• Working data:
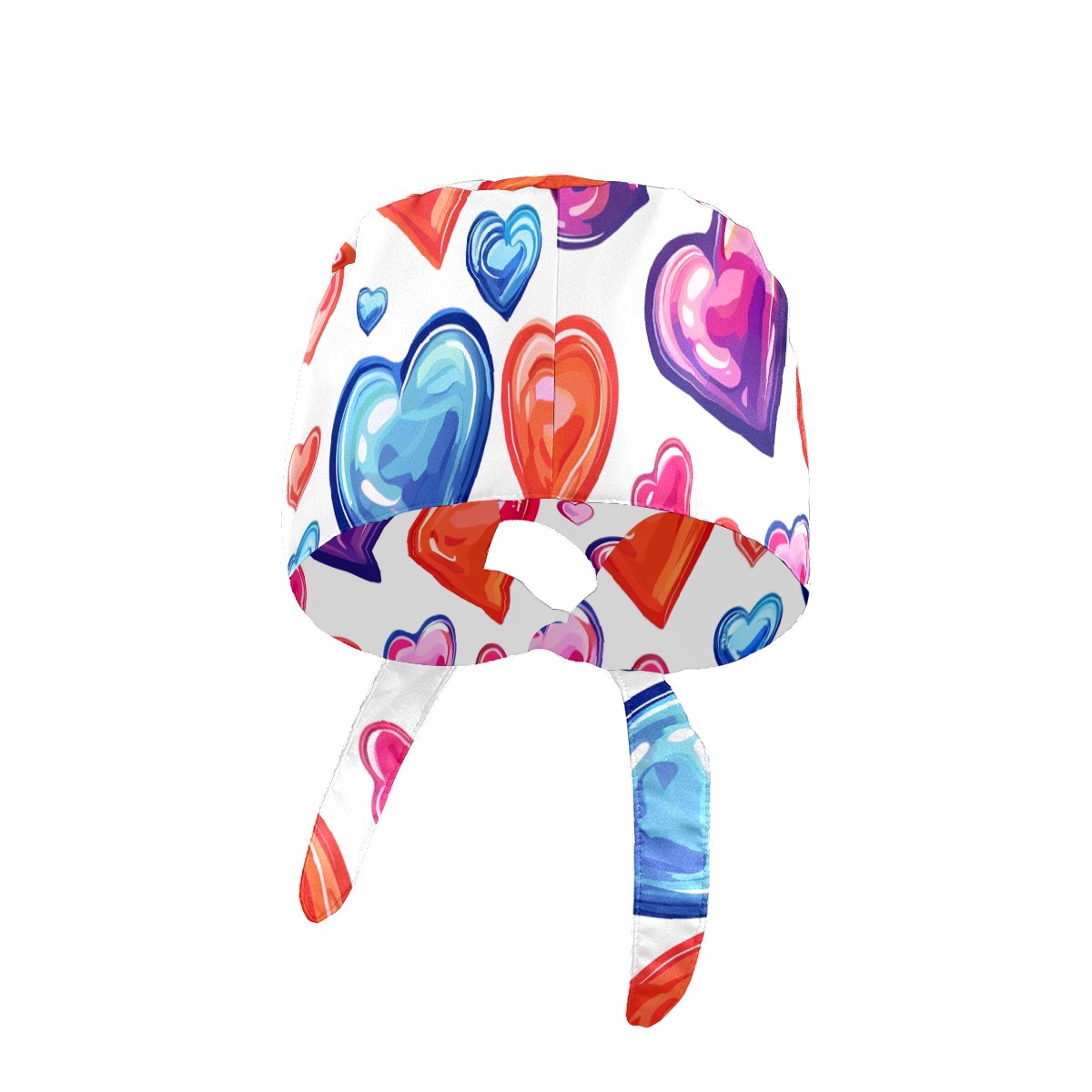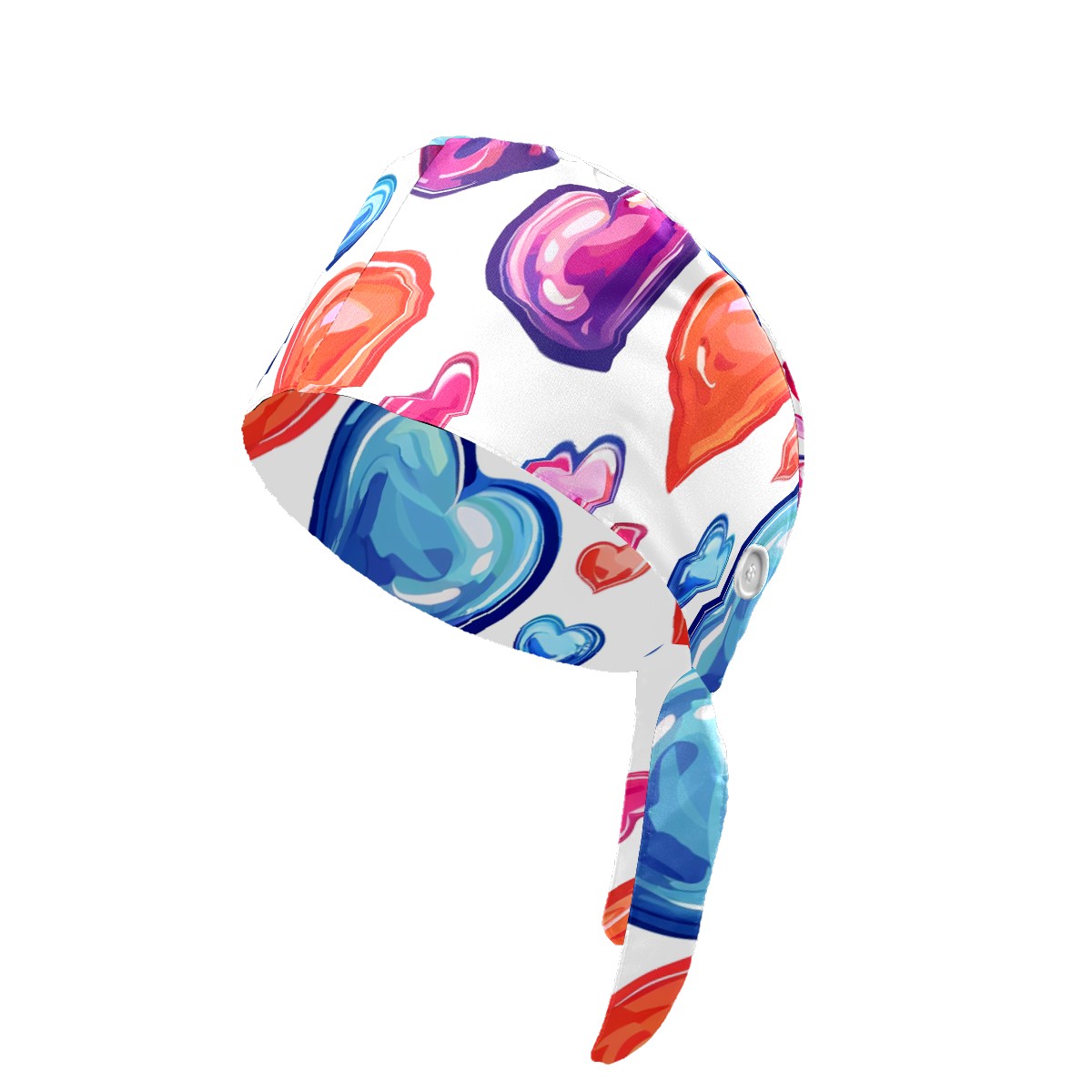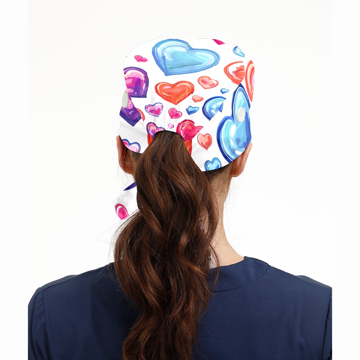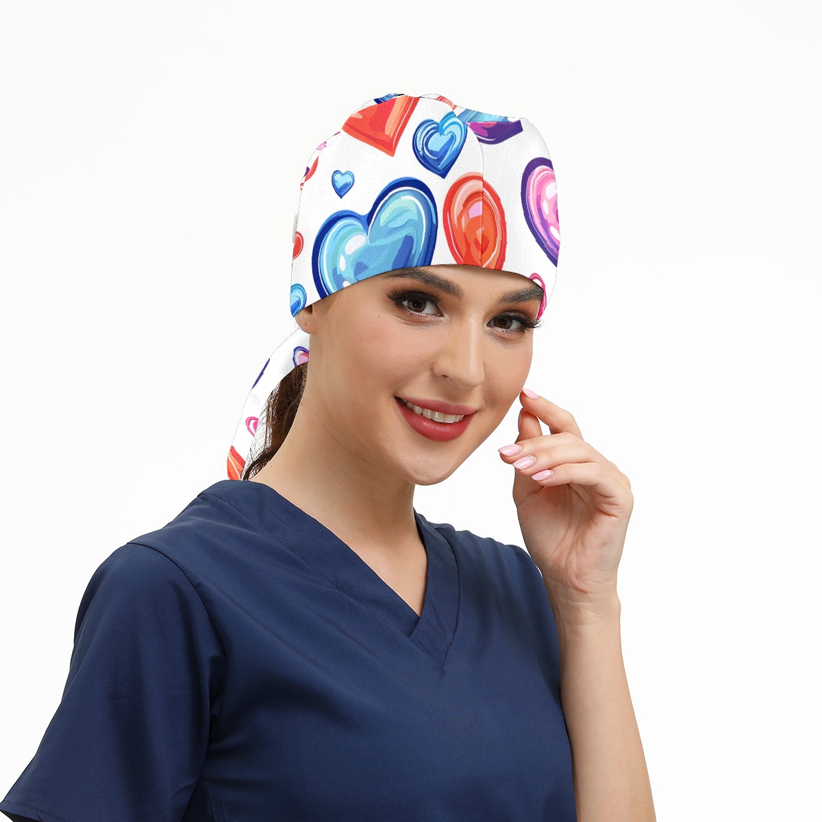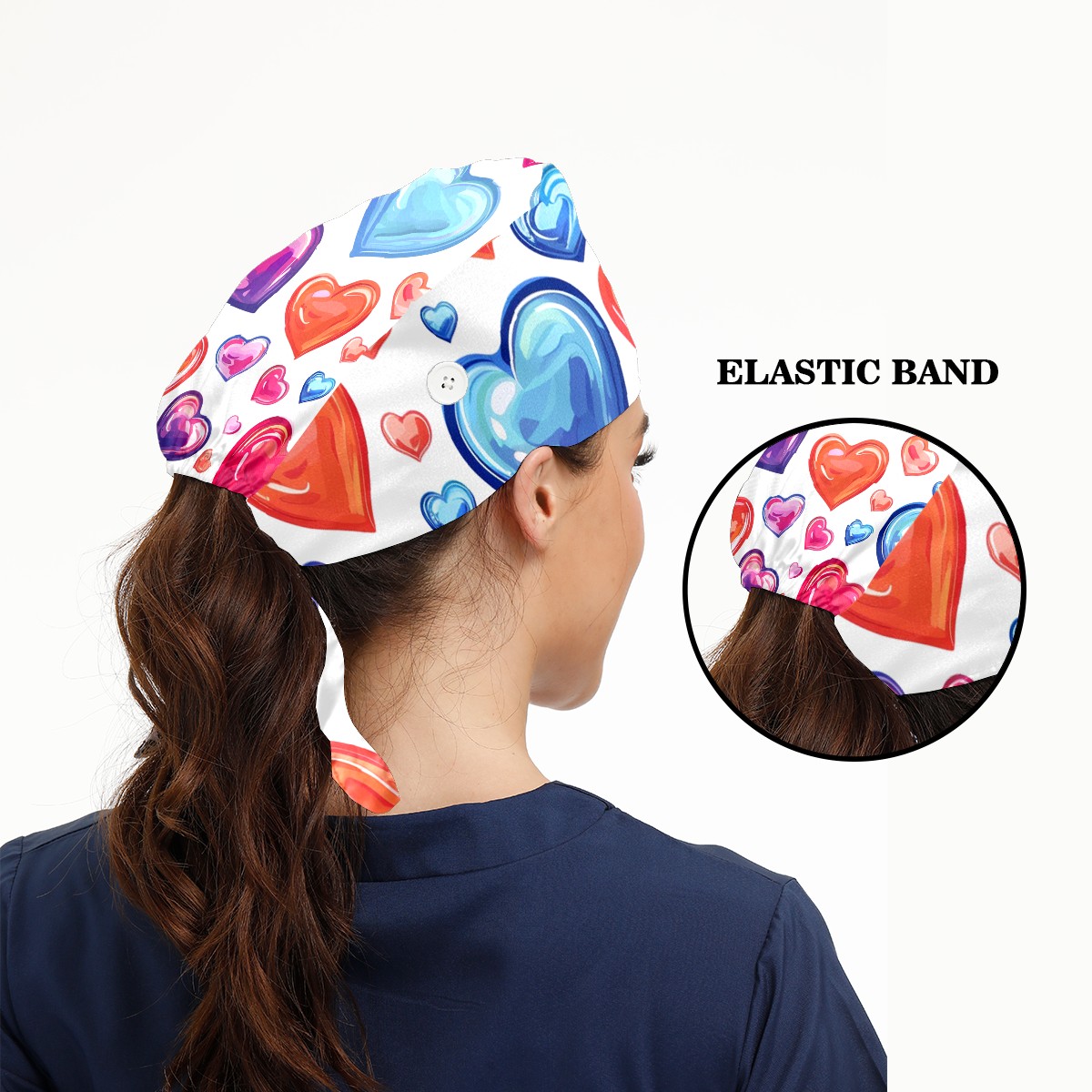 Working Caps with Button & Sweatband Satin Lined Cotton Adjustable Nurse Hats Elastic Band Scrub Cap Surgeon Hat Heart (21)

--

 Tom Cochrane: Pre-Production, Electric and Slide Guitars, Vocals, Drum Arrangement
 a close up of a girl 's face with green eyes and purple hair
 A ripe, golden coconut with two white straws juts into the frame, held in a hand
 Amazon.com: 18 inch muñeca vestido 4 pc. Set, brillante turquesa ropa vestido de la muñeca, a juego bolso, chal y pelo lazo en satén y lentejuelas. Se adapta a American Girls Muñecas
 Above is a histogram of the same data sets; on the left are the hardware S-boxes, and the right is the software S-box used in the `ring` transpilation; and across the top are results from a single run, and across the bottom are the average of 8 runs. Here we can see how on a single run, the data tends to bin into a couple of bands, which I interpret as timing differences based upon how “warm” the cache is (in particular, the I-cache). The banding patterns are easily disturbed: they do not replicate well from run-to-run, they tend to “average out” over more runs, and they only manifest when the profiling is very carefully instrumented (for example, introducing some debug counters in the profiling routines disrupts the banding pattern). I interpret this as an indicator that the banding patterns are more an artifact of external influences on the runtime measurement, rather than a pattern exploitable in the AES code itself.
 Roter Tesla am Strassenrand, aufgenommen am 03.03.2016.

---

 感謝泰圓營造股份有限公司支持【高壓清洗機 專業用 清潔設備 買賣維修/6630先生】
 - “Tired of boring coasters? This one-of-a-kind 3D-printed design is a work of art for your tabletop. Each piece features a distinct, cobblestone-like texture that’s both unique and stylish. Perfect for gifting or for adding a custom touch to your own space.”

• Problem to solve:
Which lines above contain the word "that"? Copy each one.

• Solution to the exercise:
 Above is a histogram of the same data sets; on the left are the hardware S-boxes, and the right is the software S-box used in the `ring` transpilation; and across the top are results from a single run, and across the bottom are the average of 8 runs. Here we can see how on a single run, the data tends to bin into a couple of bands, which I interpret as timing differences based upon how “warm” the cache is (in particular, the I-cache). The banding patterns are easily disturbed: they do not replicate well from run-to-run, they tend to “average out” over more runs, and they only manifest when the profiling is very carefully instrumented (for example, introducing some debug counters in the profiling routines disrupts the banding pattern). I interpret this as an indicator that the banding patterns are more an artifact of external influences on the runtime measurement, rather than a pattern exploitable in the AES code itself.
 - “Tired of boring coasters? This one-of-a-kind 3D-printed design is a work of art for your tabletop. Each piece features a distinct, cobblestone-like texture that’s both unique and stylish. Perfect for gifting or for adding a custom touch to your own space.”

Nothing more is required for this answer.